U.S. dependence on strategic minerals is a result of the failure of U.S. policymakers to recognize the inability of free markets and free trade to address strategic issues. In general, free markets are efficient in allocating resources, and free trade works best when all parties abide by the rules. But when actors such as the PRC flout the rules and pursue predatory policies to direct resources to their own strategic advantage, “free trade” becomes a dangerous fiction that undermines a truly liberal global system. China has repeatedly demonstrated an inclination to use its growing power to undercut accepted rules and coerce other countries.

We have seen this dynamic at work over the past two decades. On the domestic side, the United States was producing a diverse mix of minerals as recently as the turn of the century, but a variety of market forces led to a decrease in U.S. mineral production and processing. With the shutdown of many domestic mines, U.S. dependence on minerals from abroad has doubled. China is now a major supplier of half of the United States’ strategic minerals, including metals for electric-car batteries and weapons systems.

On the international side, the PRC has consistently refused to play by the economic rules, heavily subsidizing its mining industry and ignoring environmental and labor standards in order to upend global markets and dominate global production of strategic metals. As a result of the confluence of these domestic and international forces, the United States imports 80 percent of these metals directly from China, with much of the remainder indirectly sourced from China through other countries.

The long-term danger to U.S. economic health is illustrated by the case of the emerging global automobile industry. Thanks to aggressive government policies aimed at nurturing the growth of high-tech industries, China now leads in the production of electric vehicles (EVs). In 2010, there were only 17,000 EVs worldwide. By 2019, the number had swelled to 7.2 million. Today, the PRC has a larger EV market than the U.S. and Europe combined.

By using EVs to leapfrog ahead, Beijing can overtake established automakers and increase its share of the world market. Morgan Stanley expects EVs to account for 35 percent of the global auto market by 2030. IHS Markit projects EVs will be 60 to 80 percent of cars sold by 2050. China is also poised to dominate a number of other high-tech industries, including superconductors, telecommunications, artificial intelligence, robotics, and advanced aircraft manufacturing.

To achieve its goal, China is investing heavily in minerals production and processing.

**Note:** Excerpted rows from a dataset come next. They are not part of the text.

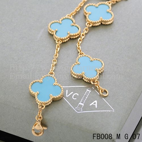 Ce magnifique bracelet Van Cleef&Arpels Vintage Alhambra présente cinq motifs en or jaune 18 carats, ornés de nacre turquoise et de détails complexes. Le design emblématique de l’Alhambra est une classe de maître en matière d’élégance, chaque motif présentant un délicat motif de fleurs et de feuillages. La nacre turquoise ajoute une touche de fantaisie et de sophistication, tandis que l’or jaune offre un contraste chaleureux et luxueux.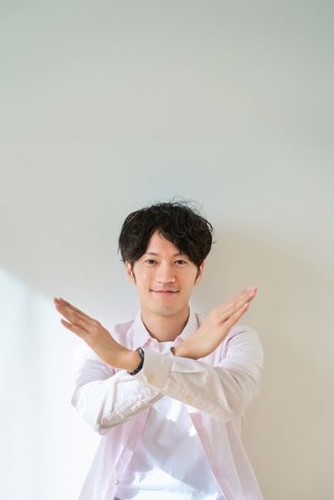 Generative AI : Candid of young attractive asian man close eyes deep breath and wide open arms in blue sky view background feeling wind and sunshine Happy asian hipster male in you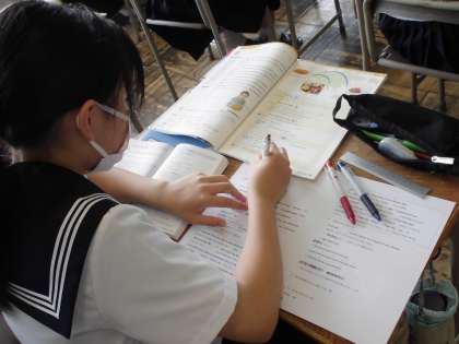 5月25日(水) 接続詞「that」の学習(2年生) 公開日 2022/05/25 更新日 2022/05/25 2年生 今日は「〇〇は〜と思っている」「〇〇は〜と願っている」などを,英語で表現する方法として,接続詞「that」を使って表すことを学びました。教科書の本文や,例文を考えることで自分の言葉として使えるように高めていきます。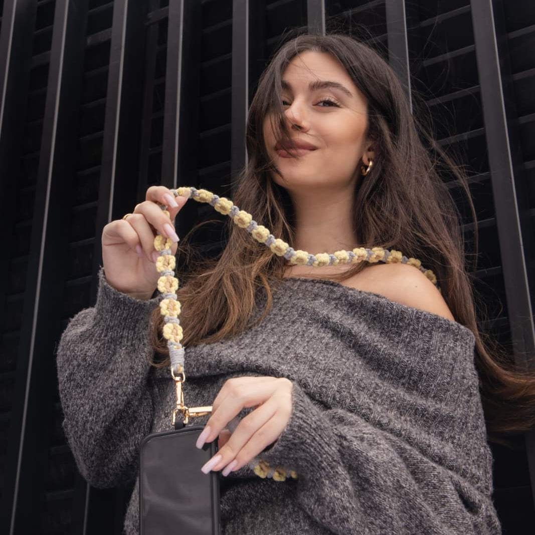 Wear it over your shoulder or replace your purse strap with it to give your look a whole new touch! 🌼 Our long crochet flower strap adds instant cuteness to any outfit and can easily be swapped for another color to match your vibe. 💕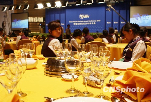 4月8日,博鳌亚洲论坛国际会议中心,工作人员正在会议大厅为论坛做准备。博鳌亚洲论坛2010年年会将于4月9日至11日在中国海南博鳌召开,本届论坛的主题是“绿色复苏,亚洲可持续发展的现实选择”。 中新社发 毛建军 摄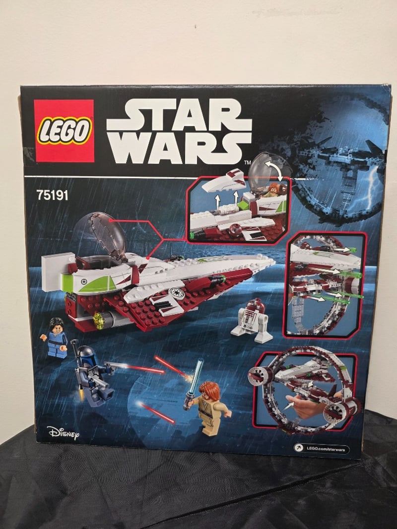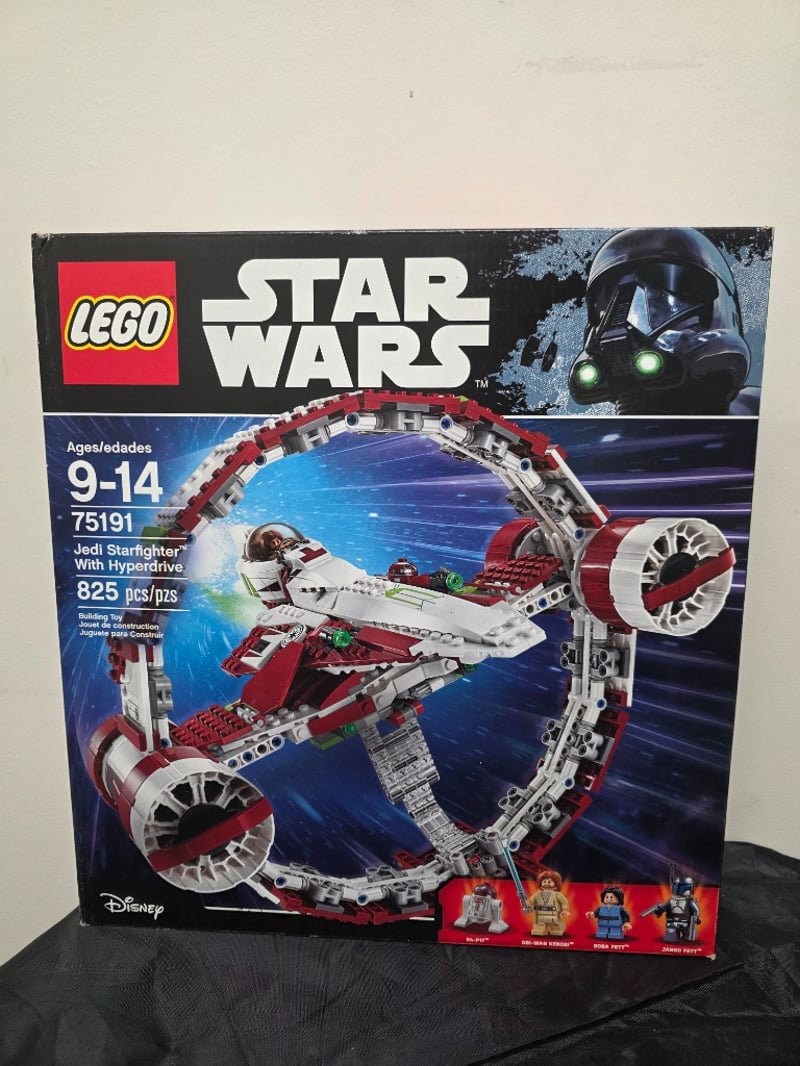 Lego Star Wars Set 75191 Featuring A Buildable Jedi Starfighter With Detachable Hyperdrive Ring. Includes 825 Pieces And Four Minifigures (R2-D2, Jedi Padawan, Jedi Master, And Darth Vader). Recommended For Ages 9-14. Original Box Shows Wear Consistent With Age And Storage.

Chinese firms have locked up supplies of minerals and metals using a combination of state-directed investment and state-backed capital, with far-reaching implications for minerals security.

China already dominates the global supply of lithium, a necessary ingredient for EV batteries. A lithium-ion battery weighs about half a ton and typically contains about 25 pounds of lithium, 30 pounds of cobalt, 60 pounds of nickel, 110 pounds of graphite, and 90 pounds of copper, along with about 400 pounds of steel, aluminum, and various plastic components. But lithium is the key battery metal, and China or Chinese companies control 80 percent of the global lithium supply, which has given Beijing leverage in trade negotiations with the U.S.

As the manufacture of EVs ramps up, demand for lithium is expected to soar. Tesla, the largest electric-car maker in the United States, expects its need for lithium to grow eightfold by 2050. But Tesla is only one company. There are at least 50 EV manufacturers worldwide.

Without access to lithium and other battery minerals such as nickel, graphite, and cobalt, America’s auto-manufacturing industry might not survive, to the detriment of U.S. economic health as a whole. Reducing dependence on China-sourced lithium must be an integral part of U.S. strategic policy. But for such a policy to succeed, the U.S. needs to kick-start domestic production of critical metals instead of relying on imports. The U.S. has vast domestic mineral resources. With appropriate policies, the country can repatriate millions of jobs, increase domestic manufacturing, bolster mining in the U.S., and boost the productivity of U.S. auto companies. How we respond will shape our economy and the international system for decades.